Manufacturers in the country lost out completely in the African Growth Opportunity Act of the Barack Obama administration, because they failed to be competitive.
AGOA, initiated in 2000, was meant to foster duty-free trade between the US and African countries.
According to Segun Awolowo, Chief Executive Officer of the Nigerian Export Promotion Council (NEPC) the nation had not benefitted from AGOA because the country’s products were poorly packaged, and that it needed the government’s support to beat the test of time.
Awolowo who spoke to NAN on Monday, said, “Our participation in AGOA has not been very good, we are not even looking at that now, we want our goods to be competitive in every way in order to benefit from it.

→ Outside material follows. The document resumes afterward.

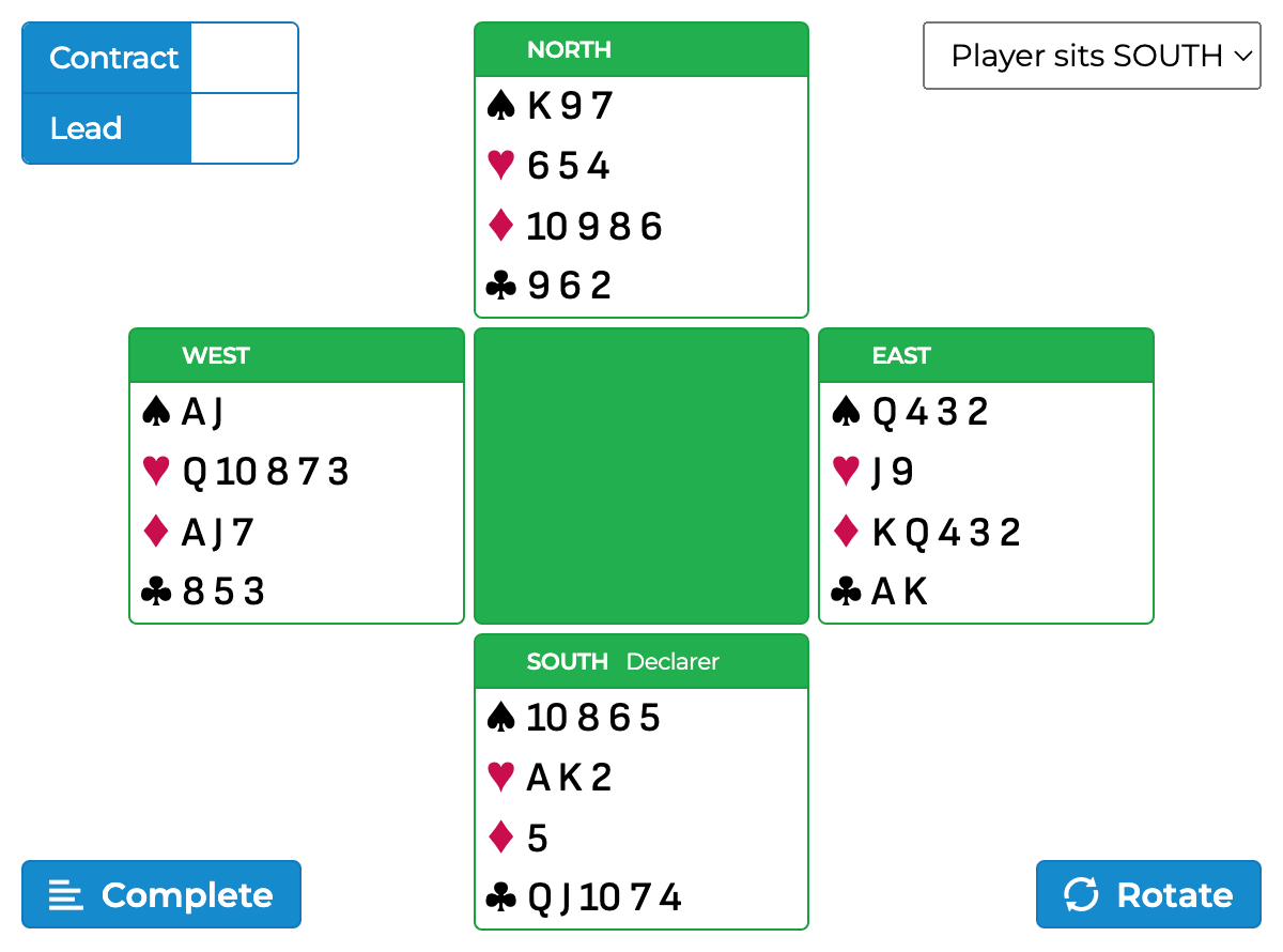 Εμφανίζεται το διάγραμμα της επιλεγμένης διανομής. Μπορείτε επίσης να πληκτρολογήσετε τα φύλλα. Ο εκτελεστής, είτε είναι μαθητής είτε ένα ρομπότ, θα κάθεται πάντα Νότος, με τον μορ στον Βορρά.

“In fact, right now, we are not putting our hopes in it, as we have been having restrictions in prices, and other requirements on our exported products.
“Other African countries have been benefitting because they have worked on a level of competitiveness, and they have more government’s support for their locally manufactured goods.
Awolowo said that the council and the relevant government agencies were working on a new policy, “the zero oil policy.”
“We should ignore AGOA for now and focus on making our goods competitive in the global market. That is what we are trying to do.
“We have not been able to produce as we should. Besides, there is the problem of insurgency in the North, which has crippled our food production and packaging,” he said.
He added that the country for now could survive without AGOA pending when the necessary competitive apparatus were put in place.
Awolowo said that the council was also working on the repackaging of food and industrial products to overshadow the provisions of AGOA, and even pay duty if need be.